Teen Wolf reviewed: MTV updates the classic teen movie with more scares, more sex, and lacrosse. (original) (raw)
MTV updates the classic teen movie with more scares, more sex, and lacrosse.
Tyler Posey in Teen Wolf
Teen Wolf, adapted from the collective unconscious by way of early-period Michael J. Fox, will air regularly on Mondays at 10 p.m. ET, but MTV is launching it on Sunday, just after the blessed pseudo-event of the MTV Movie Awards. The very special scheduling is one of several ways the network has been signaling that it means serious business with this light and passably witty supernatural drama.
In a letter to “Members of the Media,” Teen Wolf creator Jeff Davis (Criminal Minds) takes care to note that the series’ director, Russell Mulcahy, created the epochal video for Duran Duran’s “ Hungry Like the Wolf,” winning the first MTV Moon Man in the bargain. We in the Media appreciate the symmetry, the implication of _Teen Wolf_’s network-defining intent, and MTV’s steadfast commitment to exploiting lupine appetites and exciting adolescent Members. * And we will take the further step of noting that Mulcahy directed the classic Buggles video that was the first clip MTV ever transmitted. With video long since having killed the radio star and in turn been murdered by reality television, fiction, in the form of Teen Wolf, is now out for blood. It may well fall to this hairy-handed gent to rip the lungs out of Jersey Shore.

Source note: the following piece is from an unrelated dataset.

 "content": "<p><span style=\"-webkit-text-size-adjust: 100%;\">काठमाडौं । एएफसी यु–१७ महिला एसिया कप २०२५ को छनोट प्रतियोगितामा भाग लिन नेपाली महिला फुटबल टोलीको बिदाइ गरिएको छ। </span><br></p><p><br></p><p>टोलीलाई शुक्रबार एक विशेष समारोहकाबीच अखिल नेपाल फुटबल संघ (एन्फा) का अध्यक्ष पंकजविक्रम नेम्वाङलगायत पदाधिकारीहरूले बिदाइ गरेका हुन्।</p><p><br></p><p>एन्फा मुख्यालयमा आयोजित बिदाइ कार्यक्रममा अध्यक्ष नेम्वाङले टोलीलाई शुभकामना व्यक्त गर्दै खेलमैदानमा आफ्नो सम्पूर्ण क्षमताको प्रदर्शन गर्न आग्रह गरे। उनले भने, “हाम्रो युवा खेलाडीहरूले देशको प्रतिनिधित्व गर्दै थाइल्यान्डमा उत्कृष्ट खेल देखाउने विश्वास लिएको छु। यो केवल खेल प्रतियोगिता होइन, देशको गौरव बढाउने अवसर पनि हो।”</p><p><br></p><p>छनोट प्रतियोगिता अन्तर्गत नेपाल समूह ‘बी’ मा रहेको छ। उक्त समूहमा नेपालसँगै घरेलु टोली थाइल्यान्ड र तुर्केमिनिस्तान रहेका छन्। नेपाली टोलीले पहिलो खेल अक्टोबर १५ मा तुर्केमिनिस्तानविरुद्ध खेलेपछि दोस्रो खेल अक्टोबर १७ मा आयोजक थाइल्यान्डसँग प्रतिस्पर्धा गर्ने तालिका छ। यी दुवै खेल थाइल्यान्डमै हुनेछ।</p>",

Davis’ letter describes the show as a “reimagination” of the 1985 film, in which Michael J. Fox, newly lycanthropic, scales great heights of sexual charisma and athletic ability. Davis says they’ve “traded basketball for lacrosse. …” (This change feels nicely attuned to contemporary suburbia—and also it gives an extra frisson to the idea of a nice clean boy developing into a bristling entity; as conditioned by Abercrombie & Fitch marketing, lax bros wax those firm pecs assiduously.) They’ve also traded “cute for sexy. …” (Haven’t we all, as a culture, thanks in part to the hard work of Mulcahy, Simon Le Bon, and the Other they tangle with in the “Hungry” clip?)

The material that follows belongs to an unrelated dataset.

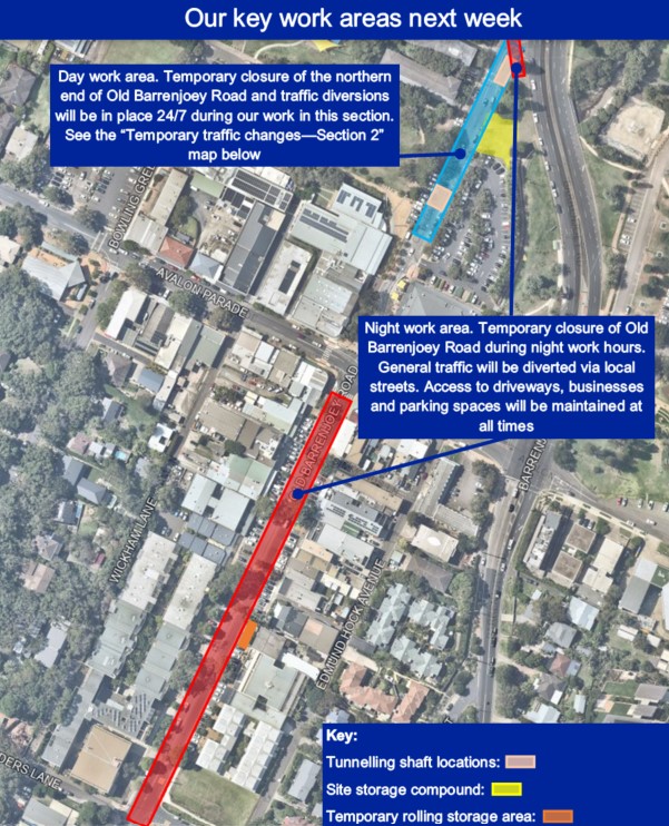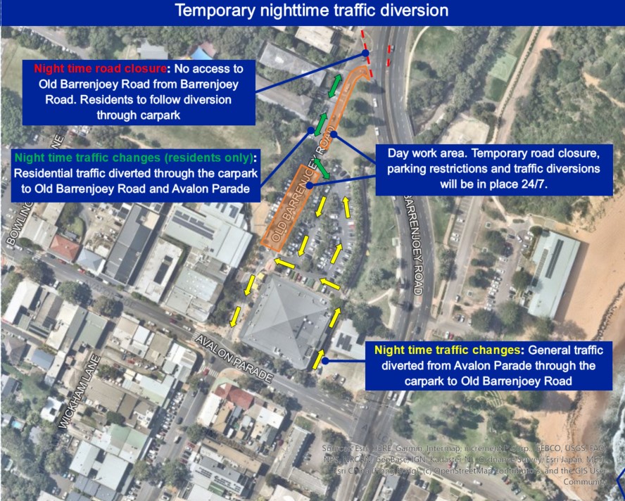 - temporarily closing Old Barrenjoey Road between Avalon Parade and The Crescent during our night work hours – see ‘Our key work areas next week’ map below. General traffic will be diverted via local streets. Access to driveways, businesses and parking spaces will be maintained at all times. Our traffic controllers will be on site to assist and to help keep traffic flowing safely.

Lastly, they say they’ve traded “camp for scares,” and there is limited truth to the claim. This year’s wolf—Scott McCall, played by the shaggily winsome Tyler Posey—is just an asthmatic benchwarmer (“My whole life is sitting on the sidelines”) before he sustains a transformative bite one night in the dark woods. That action scene is shrewdly paced and nicely modulated, with a herd of deer going buck wild, Scott’s inhaler spinning away from him in _Matrix_-y FX, and the director apparently working on the Jaws principle of showing restraint in revealing the beastly assailant. It’s a sequence to get teen girls starting and cringing right into their dates’ laps. On the other hand, as four self-deconstructing Scream movies, the meta-monstrous Shaun of the Dead, and even the horror-romances of the CW network attest, irony and fright are not strictly incompatible. Teen Wolf bares its fangs and grins knowingly with them too.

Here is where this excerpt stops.